O epíteto de Rei das Fugas começou com a vitória na Volta à Flandres em 1992 após uma escapada épica de 217 quilómetros e foi ganhando substância com as suas recorrentes aventuras no Tour, sempre inconformista, a recusar ser só mais um no indistinguível pelotão, o que lhe valeu muitas desilusões com a meta à vista mas também três vitórias em etapas e dois prémios da Combatividade, em 1998 e 1999. Neste último ano foi também o lanterna vermelha da prova. Ainda andou dois dias de amarelo em 1995 depois de ter sido o vencedor-surpresa do Prólogo, etapa que terminou antes de uma bátega de água se abater sob a caravana do Tour.
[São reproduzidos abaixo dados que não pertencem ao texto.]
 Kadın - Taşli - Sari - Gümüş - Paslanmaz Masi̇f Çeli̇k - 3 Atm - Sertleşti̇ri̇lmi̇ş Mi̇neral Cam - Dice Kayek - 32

Hoje, Jacky Durand é comentador televisivo. Em vésperas do início do Giro, diz-nos que o colombiano Egan Bernal (INEOS) é o grande favorito, que talvez ainda seja cedo para João Almeida, mas lembra que a Volta a Itália sempre foi feita de surpresas.

Sempre foi conhecido pelo rei das fugas e nunca teve receio de atacar. Qual é a maior dificuldade para um ciclista durante uma longa escapada em solitário: a parte física ou manter a concentração psicológica?
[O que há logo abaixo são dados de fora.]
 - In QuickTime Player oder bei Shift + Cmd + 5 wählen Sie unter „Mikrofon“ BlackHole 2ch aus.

A parte mais difícil não é fazer uma grande fuga. A parte mais difícil é não ter medo do dia seguinte. Numa corrida de um dia, por exemplo, é fácil entrar numa longa fuga porque no dia seguinte sabes que não vais correr e podes recuperar. Numa corrida por etapas não. Essa é a grande dificuldade. Há muitos ciclistas que contam as pedaladas que dão, constantemente com receio do dia seguinte e é por isso que há muitos deles que não se atrevem a tentar fugas. Ou então tentam, mas a 4-5 dias do final, quando sabem que o final está ali perto.